--- MATERIAL SHOWN ---

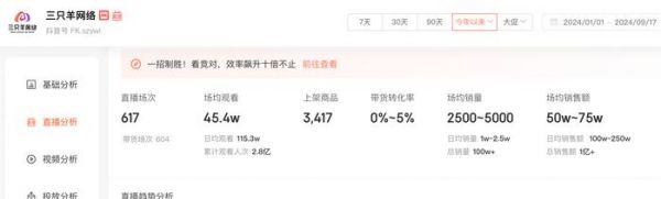 蝉妈妈数据显示,近30天内,除今日外,“三只羊网络”每日直播,日均观看人次165.1万,日均销售额100万至250万。销售额于9月1日达到750万元至1000万元的高峰,其后逐渐走低,16日销售额10万至25万元。从数值来看,半个月骤降九成以上。
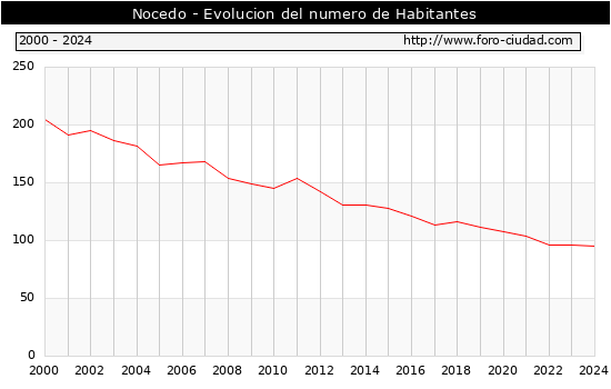 el numero de habitantes en Nocedo era de 95, 1 habitantes menos que el en el año 2023. En el grafico siguiente se puede ver cuantos habitantes tiene Nocedo a lo largo de los años.
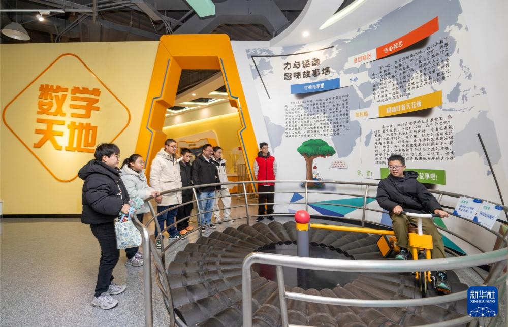 2月1日,家长带着孩子在江苏泰州科技馆体验项目。
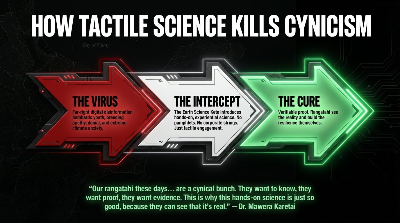 The Earth Science Kete is mahi tūturu — real work, grounded work, urgent work. It weaves mātauranga and western science not as a compromise but as an assertion: we have always known this land, and now we will teach our tamariki to know it again, with every tool available.
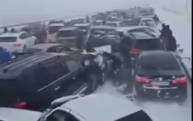 Qazaxıstan-Rusiya sərhədində, Astana-Petropavlovsk avtomobil yolunda 95 avtomobilin iştirakı ilə zəncirvari qəza baş verib.
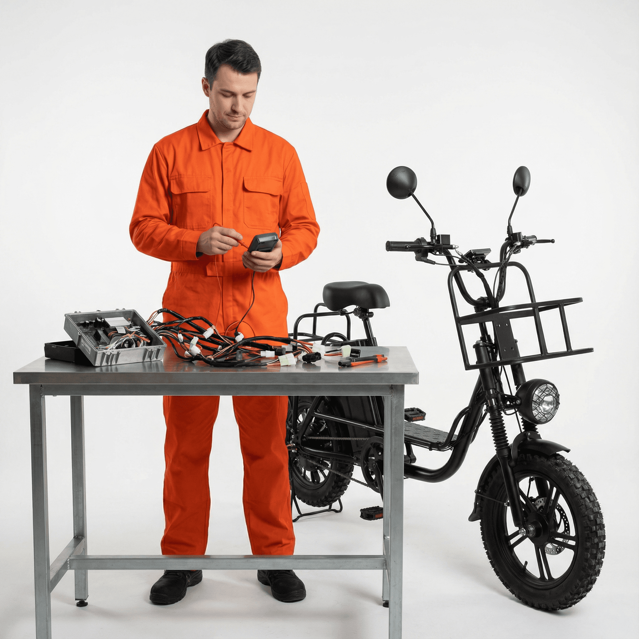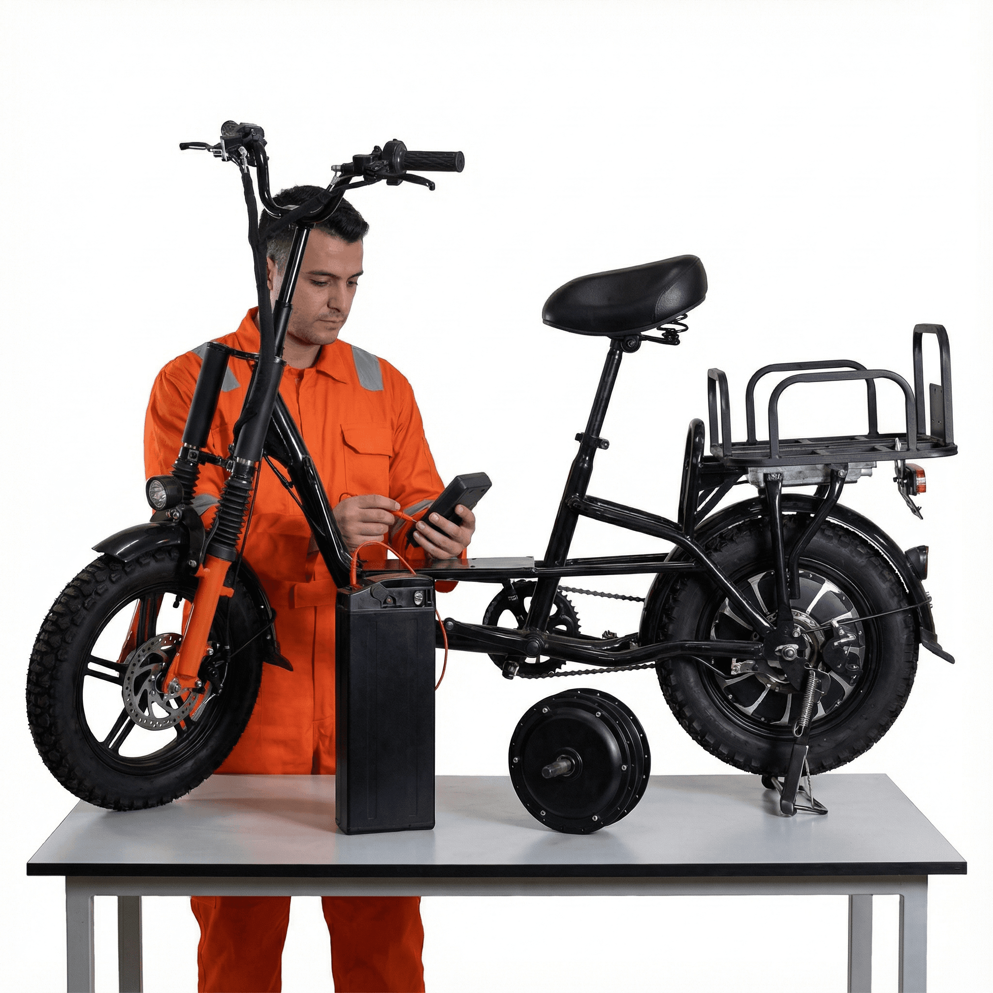 Проверка ёмкости, просадок под нагрузкой, работы BMS, температуры, переднего и заднего моторов. Помогаем оценить оставшийся ресурс.
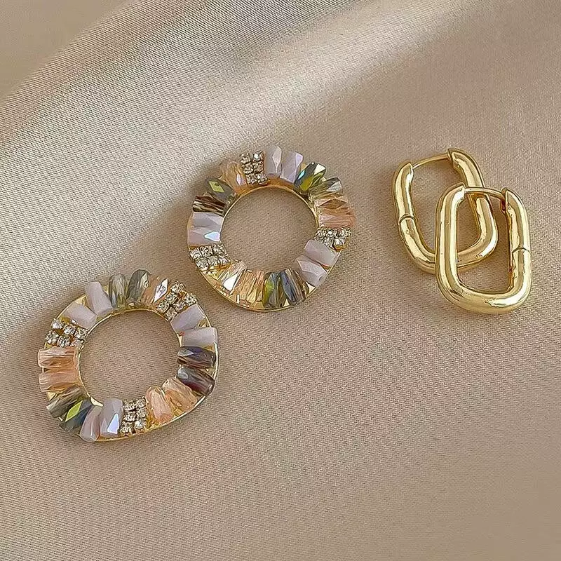 Сережки пара сережки-хупи золотисті французький дизайн зі стразами жіноча біжутерія сережки комплект цинковий сплав
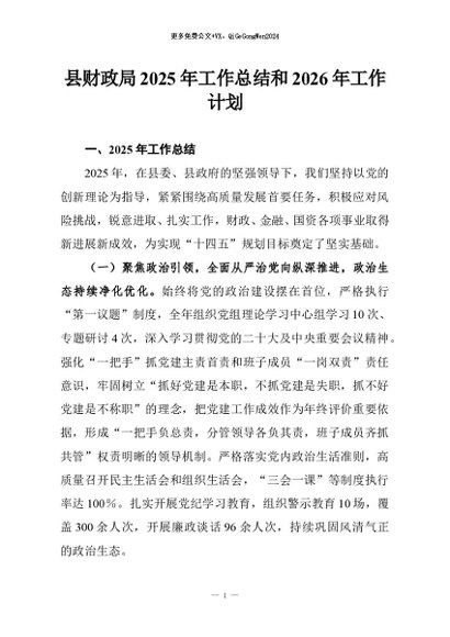 【七哥公文】2026年:县财政局2025年工作总结和2026年工作计划_副本+更多免费公文+VX:QiGeGongWen2024
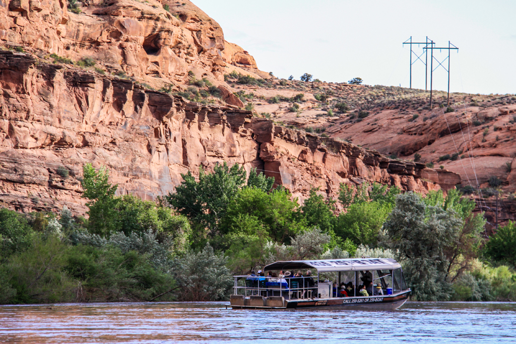 Then he started the engine and turned the boat in a leisurely three-sixty so that the people on the left hand side didn’t get left out. As we drifted, he pointed to two people walking up a trail through all the eroded rock and said it was a jeep trail that was rated among the most difficult.
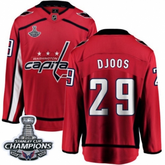 >Youth Washington Capitals #29 Christian Djoos Fanatics Branded Red Home Breakaway 2018 Stanley Cup Final Champions NHL Jersey
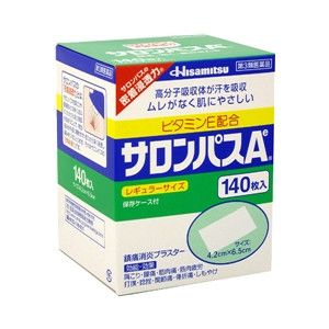 「サロンパスAe 」は、ムレがなく、肌にやさしい高分子吸収体(基剤)使用の鎮痛消炎プラスターです。ビタミンE配合。肩こり、腰痛、筋肉痛、筋肉疲労、打撲、ねんざ、関節痛、骨折痛、しもやけに。医薬品。
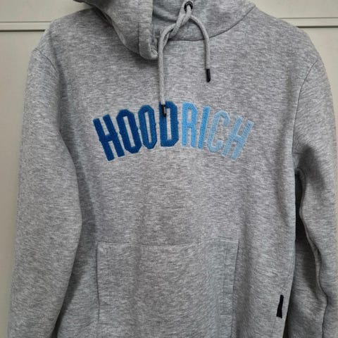 Hyväkuntoinen, kertaalleen on pesty. (Jäänyt muutoin käyttämättä, koko olikin liian pieni pojalle.) Sopii ehkä noin 164cm nuorelle. Edessä Hoodrich -painatus. Tasku.
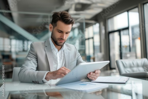 Young business man executive holding pad computer at work.
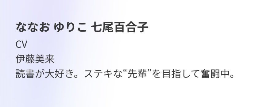 百合子だ〜〜〜〜〜〜〜〜〜〜〜〜! やっぱり[お気に入りの物語]とウィルゴの時のお洋服ですね…! そして“先輩”ということはやはりこれはムビマスの延長…? …lionlive-anime.idolmaster-official.jp/character/
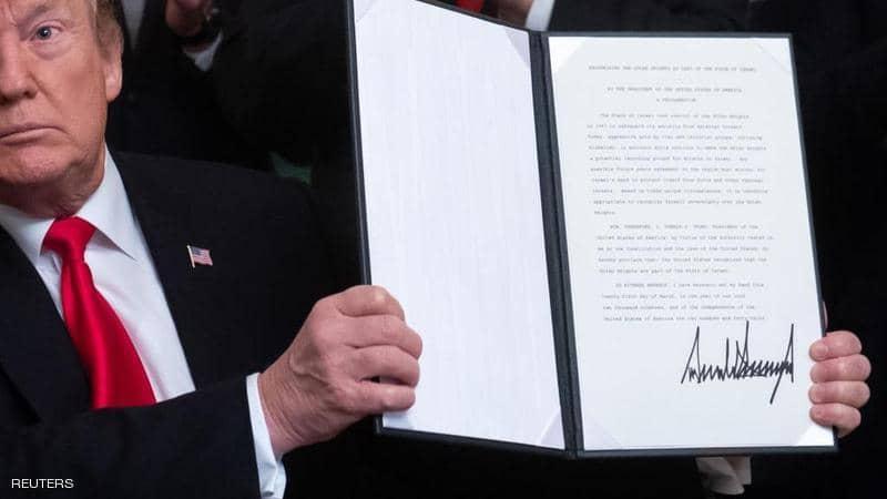 وكان ترامب وقع، خلال مؤتمر صحفي مشترك مع رئيس الوزراء الإسرائيلي، بنيامين نتانياهو، اعلانا يعترف بسيادة إسرائيل على هضبة الجولان السورية التي احتلتها اسرائيل عام 1967 وضمتها العام 1981.
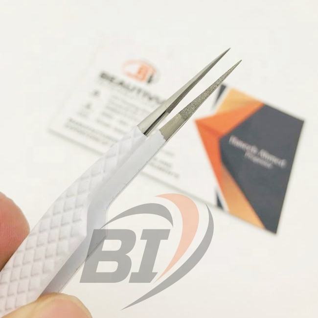 Pince à épiler en acier inoxydable avec logo personnalisé de haute qualité avec isolation de la poussière de diamant emballage personnalisé à pointe pointue
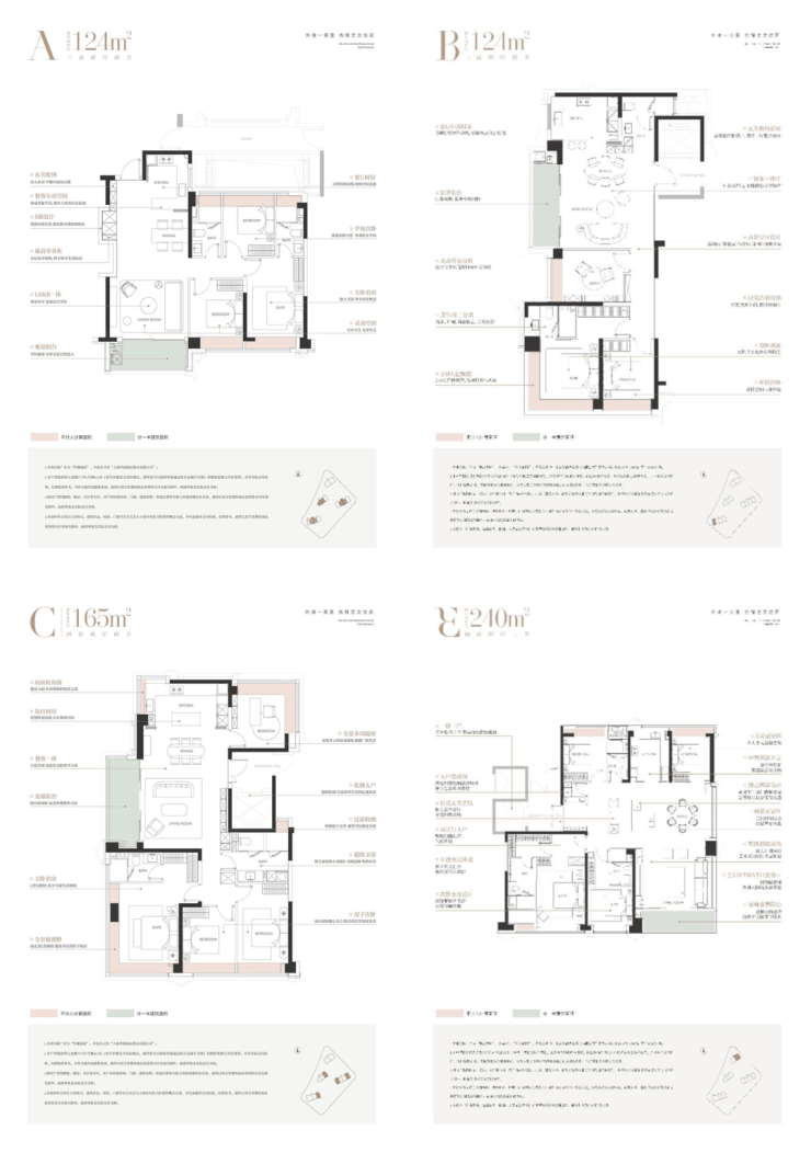 户型设计也适配多元需求:建面约240㎡户型有五进制主卧,约124㎡户型是全景舱概念,约165㎡户型为真四房,让空间真正服务生活。

---

Take the line containing "Hyväkuntoinen, kertaalleen on" and every line after it to the end of the records, and restate them verbatim, with no pictures.

_SOLUTION FOR THIS EXERCISE_:
 Hyväkuntoinen, kertaalleen on pesty. (Jäänyt muutoin käyttämättä, koko olikin liian pieni pojalle.) Sopii ehkä noin 164cm nuorelle. Edessä Hoodrich -painatus. Tasku.
 Young business man executive holding pad computer at work.
 百合子だ〜〜〜〜〜〜〜〜〜〜〜〜! やっぱり[お気に入りの物語]とウィルゴの時のお洋服ですね…! そして“先輩”ということはやはりこれはムビマスの延長…? …lionlive-anime.idolmaster-official.jp/character/
 وكان ترامب وقع، خلال مؤتمر صحفي مشترك مع رئيس الوزراء الإسرائيلي، بنيامين نتانياهو، اعلانا يعترف بسيادة إسرائيل على هضبة الجولان السورية التي احتلتها اسرائيل عام 1967 وضمتها العام 1981.
 Pince à épiler en acier inoxydable avec logo personnalisé de haute qualité avec isolation de la poussière de diamant emballage personnalisé à pointe pointue
 户型设计也适配多元需求:建面约240㎡户型有五进制主卧,约124㎡户型是全景舱概念,约165㎡户型为真四房,让空间真正服务生活。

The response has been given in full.